Netdata is a distributed monitoring system that collects real-time metrics from systems and applications. As a host-level monitoring tool with web dashboards and API access, Netdata can expose sensitive system information if not properly secured. This guide covers security measures for production Netdata deployments.
Netdata architecture includes several security-sensitive components:
Key security concerns include dashboard exposure, API access control, streaming security, and sensitive data leakage through metrics.
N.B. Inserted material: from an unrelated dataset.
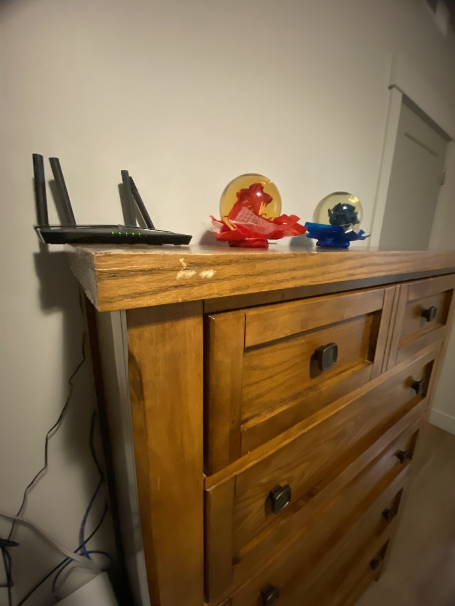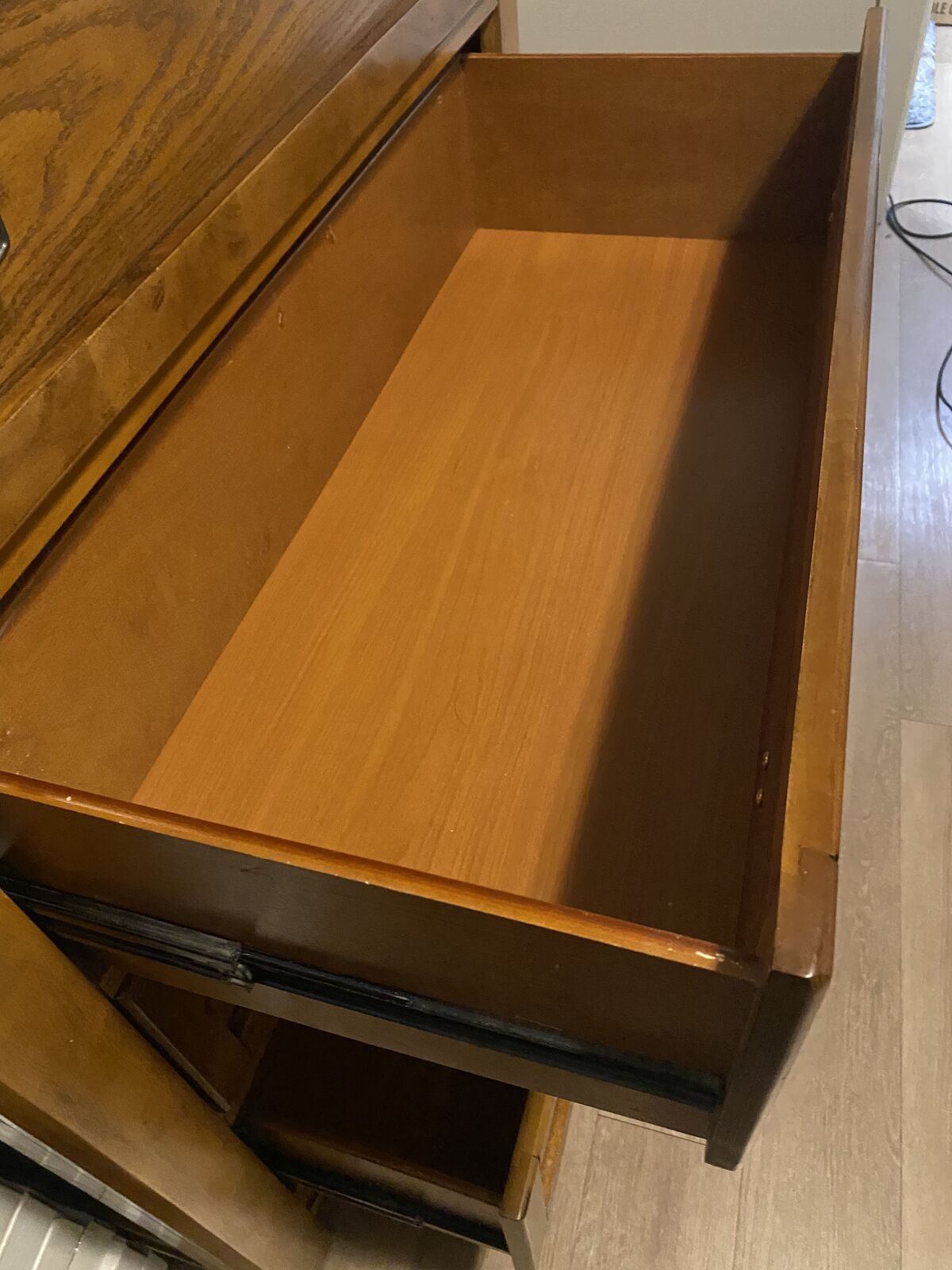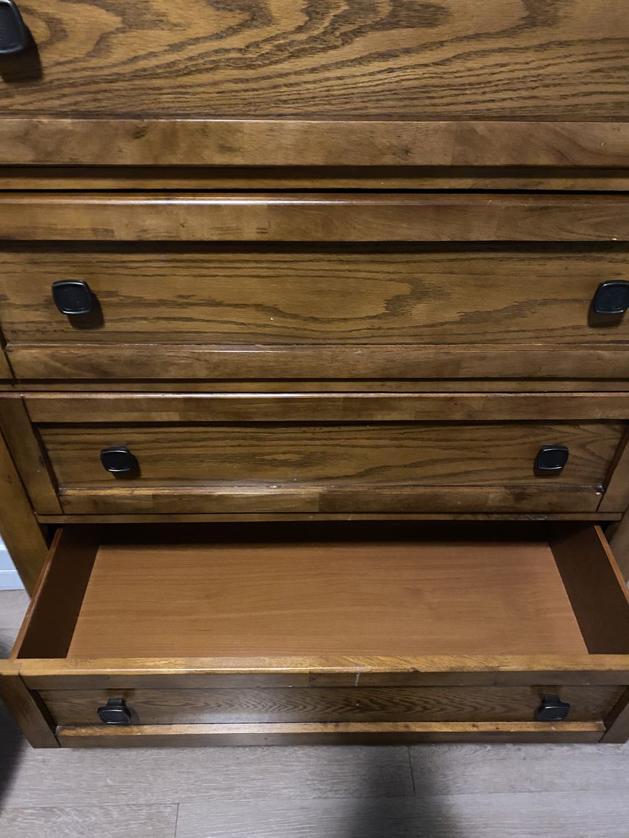 Beautiful solid wood dresser in great condition. Warm medium-brown finish with black hardware and a clean, classic design.
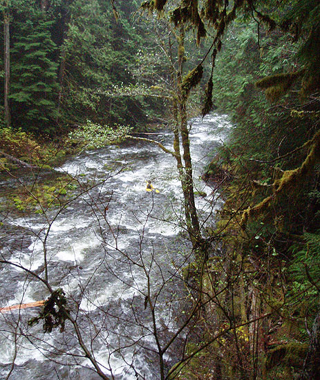 Pete had run this section many times since then, but I had never managed to catch it. Finally on 11/13/05, we had sufficient rain to bring the river up into the zone. On this trip we were joined by Charles Taylor and Nate Garr out of Portland.

Configure firewall rules for Netdata:
# Netdata default port (19999)
ufw allow from 10.0.0.0/8 to any port 19999 proto tcp
ufw allow from 192.168.1.0/24 to any port 19999 proto tcp
# Block external access
ufw deny from any to any port 19999 proto tcp
# Streaming port (if using parent nodes)
ufw allow from 10.0.1.0/24 to any port 19999 proto tcp
apiVersion: networking.k8s.io/v1
kind: NetworkPolicy
metadata:
name: netdata-network-policy
spec:
podSelector:
matchLabels:
app: netdata
ingress:
- from:
- namespaceSelector:
matchLabels:
name: monitoring
ports:
- protocol: TCP
port: 19999
Bind Netdata to specific interfaces:
# /etc/netdata/netdata.conf
[web]
bind to = 127.0.0.1:19999
# Or for internal network only
# bind to = 10.0.1.100:19999
# Disable web server if using reverse proxy
# web files without server = no
For containerized deployments:
# docker-compose.yml
services:
netdata:
ports:
- "127.0.0.1:19999:19999"
network_mode: host # Or specific network
Configure HTTP basic auth with reverse proxy:
Nginx Configuration:
location / {
auth_basic "Netdata Access";
auth_basic_user_file /etc/nginx/.htpasswd;
proxy_pass http://localhost:19999;
proxy_set_header Host $host;
proxy_set_header X-Real-IP $remote_addr;
}
Apache Configuration:
<Location />
AuthType Basic
AuthName "Netdata Access"
AuthUserFile /etc/netdata/.htpasswd
Require valid-user
</Location>
Use Netdata Cloud for centralized authentication:
# /etc/netdata/cloud.conf
[global]
enabled = yes
# Token from Netdata Cloud
token = ${NETDATA_CLOUD_TOKEN}
Netdata Cloud provides RBAC features:
| Role | Permissions |
|---|---|
| Member | View dashboards and metrics |
| Contributor | Create dashboards and alerts |
| Admin | Full access including user management |
| Owner | Complete control including billing |
Netdata Cloud supports SSO:
Configure in Netdata Cloud dashboard under Team Settings.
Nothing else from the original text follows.